**Task requirements:**
Any pictures in the records below must be left out when you repeat the lines from the line containing "This isn't just" through the line containing "Compute predicted data" exactly.

**Data section:**

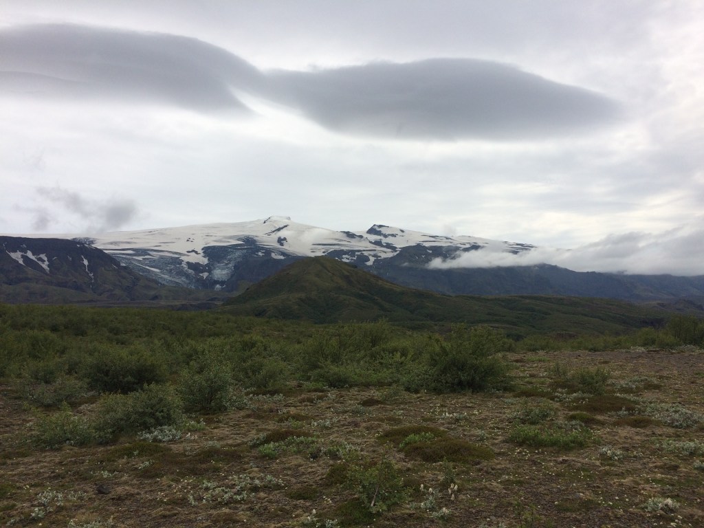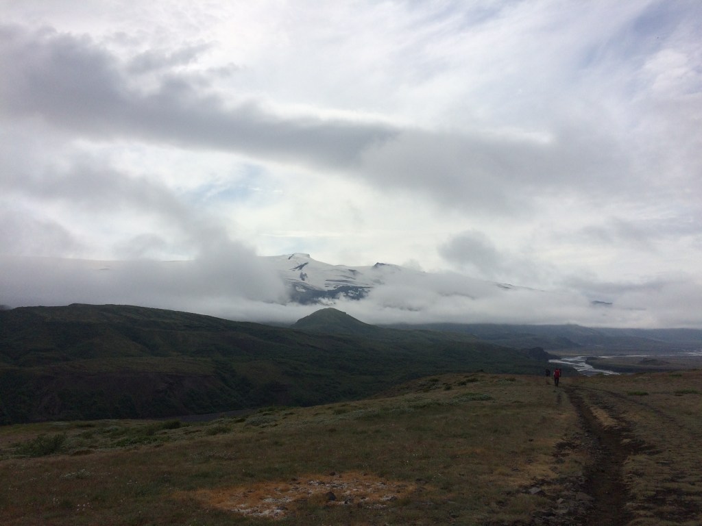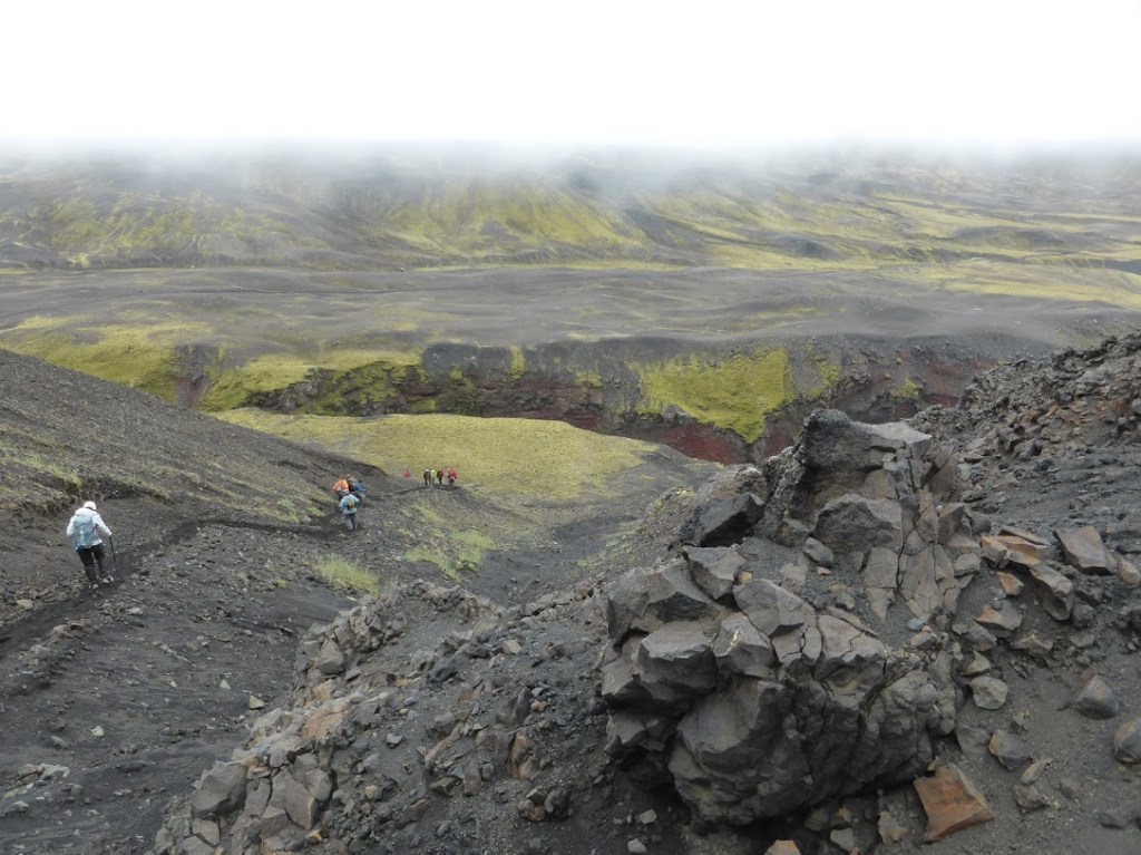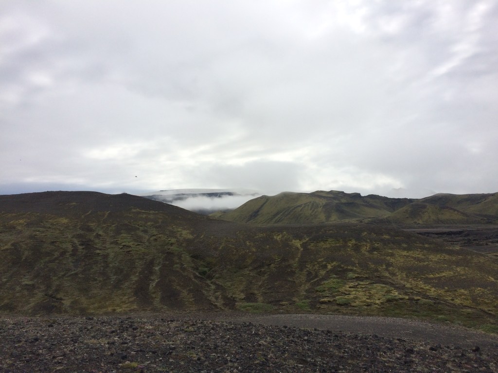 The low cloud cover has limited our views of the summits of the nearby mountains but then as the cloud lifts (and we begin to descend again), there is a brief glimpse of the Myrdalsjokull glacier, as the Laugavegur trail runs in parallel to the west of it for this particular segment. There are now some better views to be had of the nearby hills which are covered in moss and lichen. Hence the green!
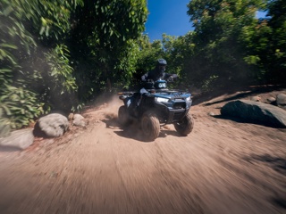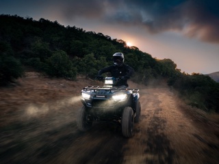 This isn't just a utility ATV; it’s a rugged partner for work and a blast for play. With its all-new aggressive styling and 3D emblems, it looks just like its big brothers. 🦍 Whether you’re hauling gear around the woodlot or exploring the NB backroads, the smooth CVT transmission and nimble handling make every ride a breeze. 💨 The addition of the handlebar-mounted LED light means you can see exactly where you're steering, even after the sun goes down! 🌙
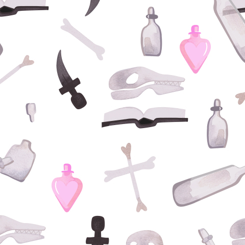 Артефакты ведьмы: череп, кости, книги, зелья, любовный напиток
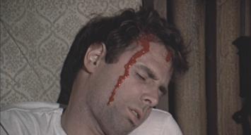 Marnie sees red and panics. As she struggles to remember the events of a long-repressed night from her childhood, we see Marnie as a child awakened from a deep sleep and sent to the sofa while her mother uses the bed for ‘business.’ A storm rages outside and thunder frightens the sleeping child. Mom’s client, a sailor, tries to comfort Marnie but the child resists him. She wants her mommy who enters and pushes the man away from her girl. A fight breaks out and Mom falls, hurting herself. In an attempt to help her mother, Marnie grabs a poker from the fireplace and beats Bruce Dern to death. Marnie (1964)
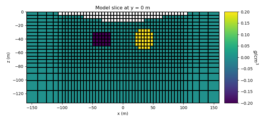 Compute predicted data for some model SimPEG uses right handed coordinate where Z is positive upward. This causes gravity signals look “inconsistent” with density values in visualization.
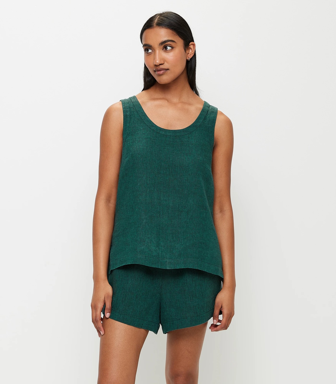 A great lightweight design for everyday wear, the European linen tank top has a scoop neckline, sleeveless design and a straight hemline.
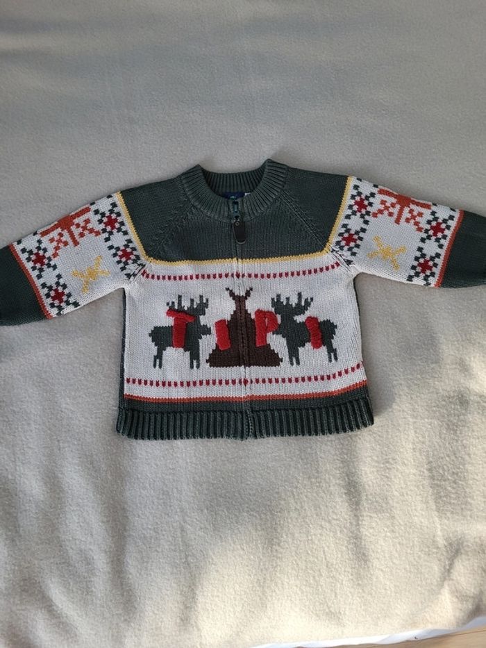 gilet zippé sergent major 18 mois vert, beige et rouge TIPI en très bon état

* * *

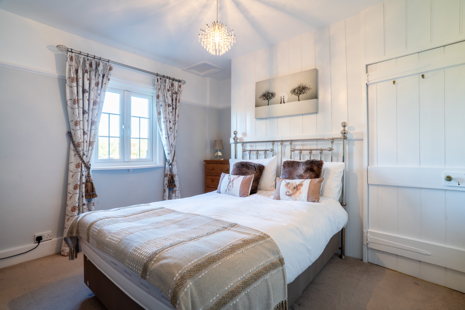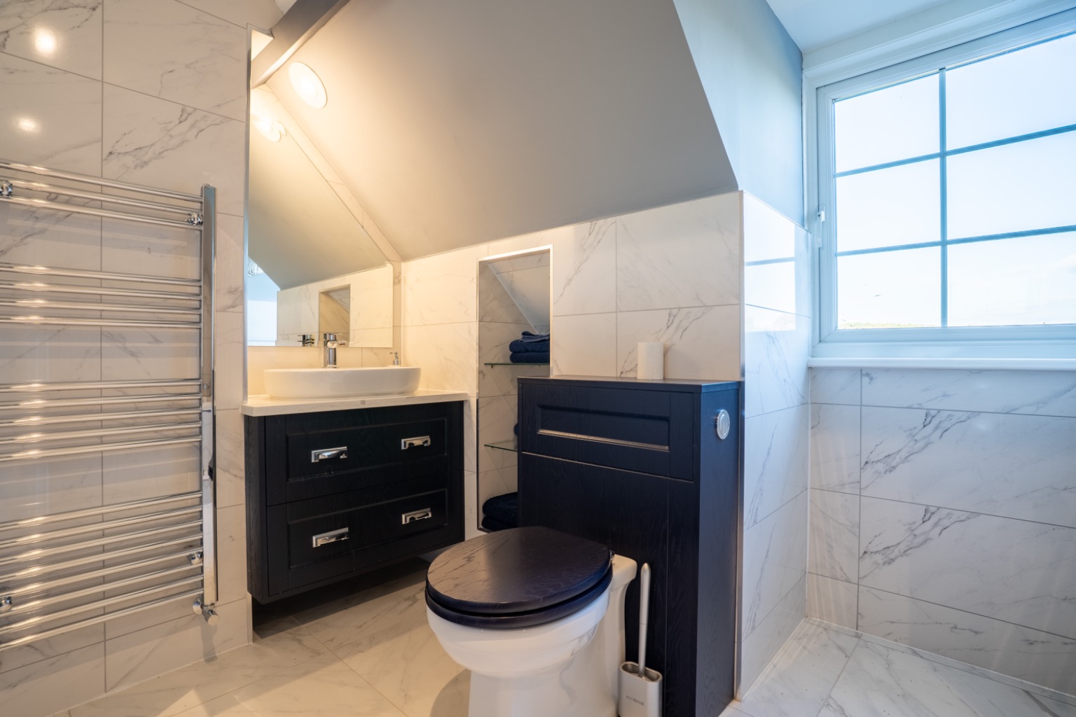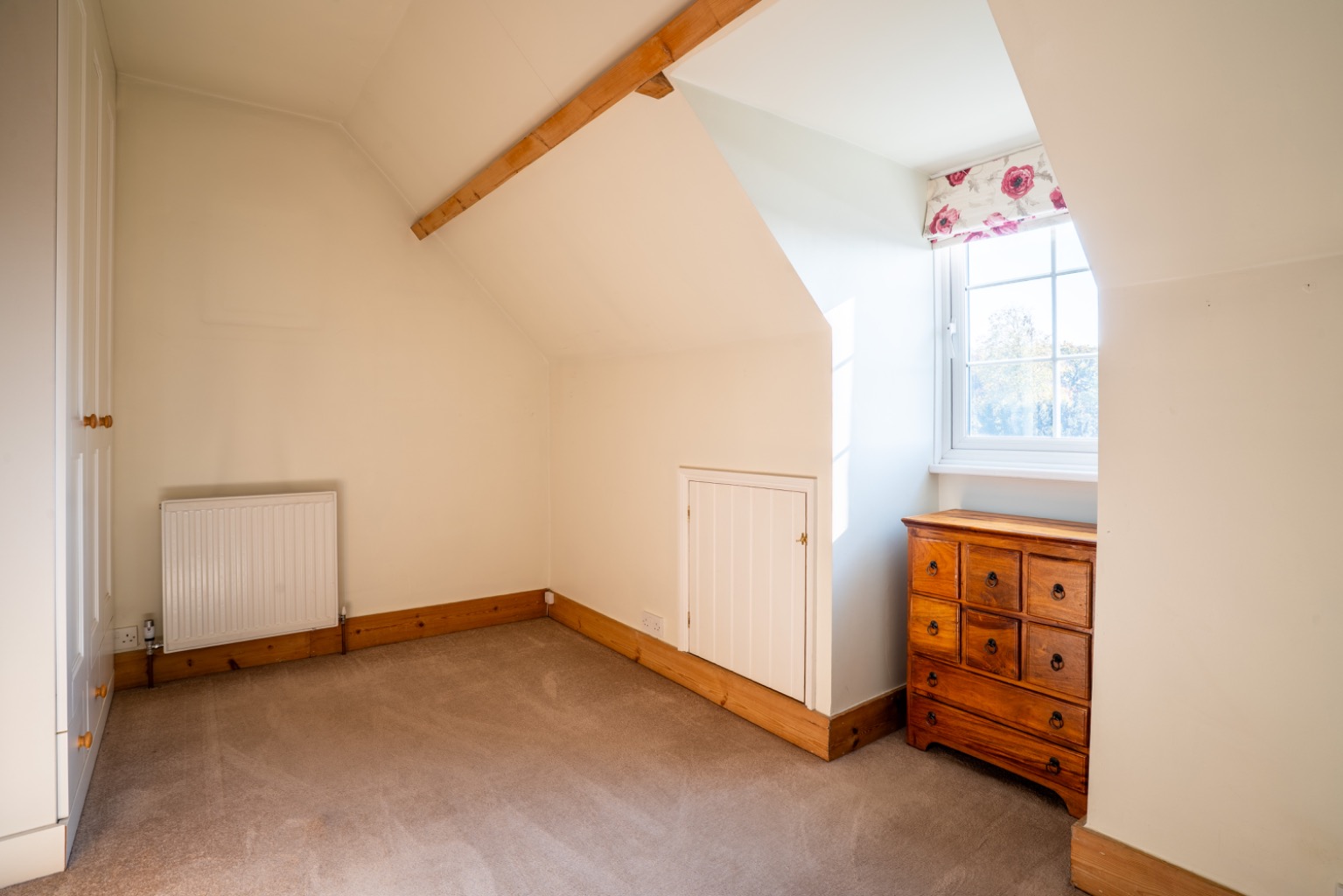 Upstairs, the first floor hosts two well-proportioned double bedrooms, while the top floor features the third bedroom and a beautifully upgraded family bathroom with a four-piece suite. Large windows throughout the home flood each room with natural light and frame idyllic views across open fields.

**Exercise answer:**
 This isn't just a utility ATV; it’s a rugged partner for work and a blast for play. With its all-new aggressive styling and 3D emblems, it looks just like its big brothers. 🦍 Whether you’re hauling gear around the woodlot or exploring the NB backroads, the smooth CVT transmission and nimble handling make every ride a breeze. 💨 The addition of the handlebar-mounted LED light means you can see exactly where you're steering, even after the sun goes down! 🌙
 Артефакты ведьмы: череп, кости, книги, зелья, любовный напиток
 Marnie sees red and panics. As she struggles to remember the events of a long-repressed night from her childhood, we see Marnie as a child awakened from a deep sleep and sent to the sofa while her mother uses the bed for ‘business.’ A storm rages outside and thunder frightens the sleeping child. Mom’s client, a sailor, tries to comfort Marnie but the child resists him. She wants her mommy who enters and pushes the man away from her girl. A fight breaks out and Mom falls, hurting herself. In an attempt to help her mother, Marnie grabs a poker from the fireplace and beats Bruce Dern to death. Marnie (1964)
 Compute predicted data for some model SimPEG uses right handed coordinate where Z is positive upward. This causes gravity signals look “inconsistent” with density values in visualization.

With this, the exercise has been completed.